TÁRKI projects categorised by research area
Attitudes, opinions, satisfaction
Researchers: Péter Róbert, Matild Sági, Endre Sik, István György Tóth, Márton Medgyesi
Tax Awareness StudyISSP
ESS
Electorial research
Tax Awareness Study
ISSP
International Social Survey Programme - ISSP (1986- annual, ongoing)
TÁRKI has been involved in an international comparative programme (International Social Survey Programme, ISSP) since 1986. As part of this research, a questionnaire (designed to take about half an hour to complete) is translated word for word. The survey was originally carried out in five or six countries, but latterly more than 40 countries have participated, including European countries, the USA, Canada, Japan, Australia, Israel, South Africa and some Latin American countries.
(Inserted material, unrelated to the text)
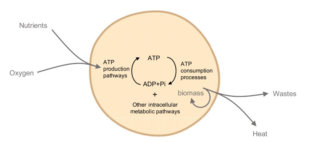图2. 典型的细胞化学和能量通货示意图。能量通货代表来自环境的吉布斯能的转化率,例如从营养物质,通过细胞活动到废物、生物质或热量。灰色箭头表示通过单元的全局能量通货。整体能量通货的焓部分可以用细胞的产热率来衡量。对于有氧生物,OCR的测量可以通过桑顿规则[46]与产热率相关联。细胞内能量通货由通过特定代谢途径的通量表示,例如产生和消耗ATP的那些。

The ISSP's topics change from year to year, but essentially it compares international public opinions and attitudes. So far TÁRKI has carried out research into topics such as social relationships, social inequalities, women and the family, attitudes to work, unemployment, religiousness, protection of the environment and national identity. The ISSP archive is the Zentralarchiv für Empirische Sozialforschung at the University of Cologne, Germany. The archive is responsible for archiving, integrating data and documentation and for the distribution of the merged international datasets for the Programme. Since 1997 the ZA is supported in the processing of data by the Spanish ISSP partner ASEP, Madrid. Visit the archive's own pages for detailed information on the ISSP archive. The ISSP Service Guide provides information about search facilities, codebooks and field-questionnaires, data-sets and products available, research, news and also about the archiving rules. You may contact the Zentralarchiv, if you have questions about the aggregated international ISSP datafiles. Documentation of the ISSP modules is available from the archive's web pages by clicking in the list below.
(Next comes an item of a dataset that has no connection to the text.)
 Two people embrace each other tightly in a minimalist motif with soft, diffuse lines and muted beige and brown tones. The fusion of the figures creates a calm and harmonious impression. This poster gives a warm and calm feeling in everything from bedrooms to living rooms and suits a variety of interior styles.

Data can be ordered from the arcive's order service.
- 1985 Role of Government I
- 1986 Social Networks
- 1987 Social Inequality I
- 1988 Family and Changing Gender Roles I
- 1989 Work Orientations I
- 1990 Role of Government II
- 1991 Religion I
- 1992 Social Inequality II
- 1993 Environment I
- 1994 Family and Changing Gender Roles II
- 1995 National Identity I
- 1996 Role of Government III
- 1997 Work Orientations II
- 1998 Religion II
- 1999 Social Inequality III
- 2000 Environment II
- 2001 Social Relations and Support Systems
- 2002 Family and Changing Gender Roles III
- 2003 National Identity II
- 2004 Citizenship (see questionnaire)
- 2005 Work Orientations III (see questionnaire)
- 2006 Role of Government IV (see questionnaire)
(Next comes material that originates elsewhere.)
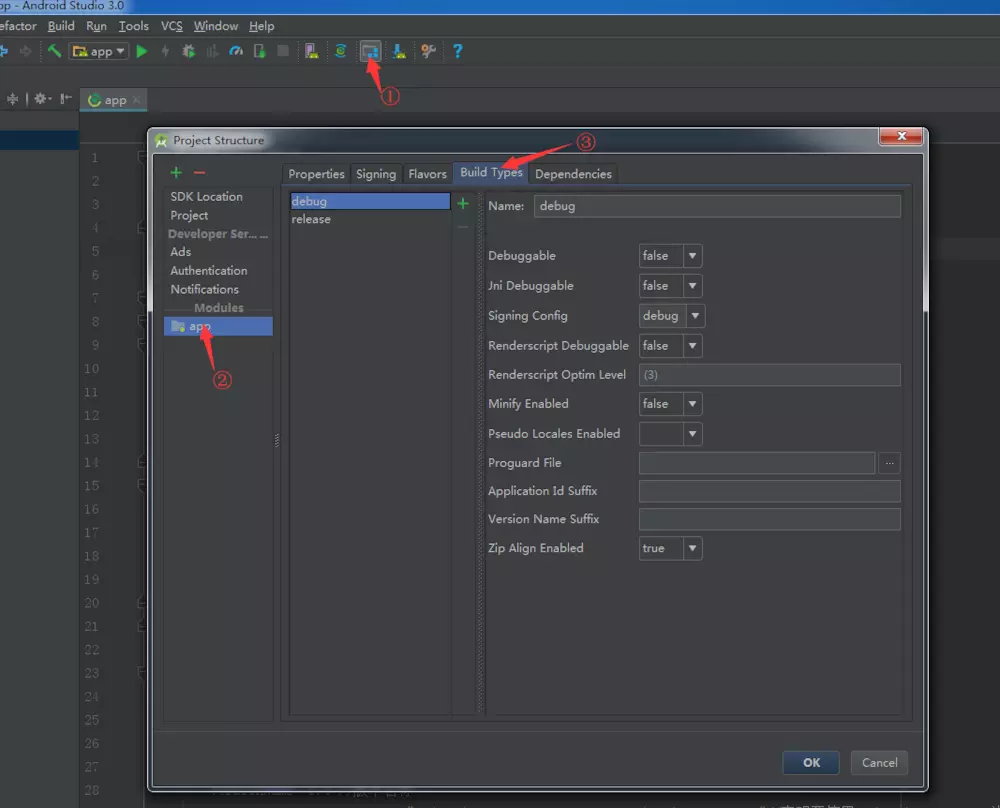 renderscriptDebuggable false//是否开启渲染脚本就是一些c写的渲染方法

- 2007 Leisure and Sports (see questionnaire)
- Planned:
- 2007 Leisure and Sports
- 2008 Religion III
- 2009 Social Inequality IV
ESS
The European Social Survey (ESS) (Round 1, 2002; Round 2, 2004)
The ESS is a piece of international comparative research, which has as its goal the monitoring of the countries of Europe in the dimensions of sociology and political science. TÁRKI, in collaboration with the Hungarian Academy of Sciences, has been responsible for the national survey in Hungary since 2002.
The ESS questionnaire includes two main sections; a 'core' module which remains relatively constant from round to round, plus two or more 'rotating' modules.
The core questions aim to monitor trends in a wide range of social variables, including trust in social and political institutions, media use, political inengagment and participation; socio-political orientations, governance and efficacy; moral, political and social values; social exclusion, national, ethnic and religious identification; well-being, health and security; socio-demographic background information.
- The 2002 rotating modules focused upon immigration and asylum, and active citizenship.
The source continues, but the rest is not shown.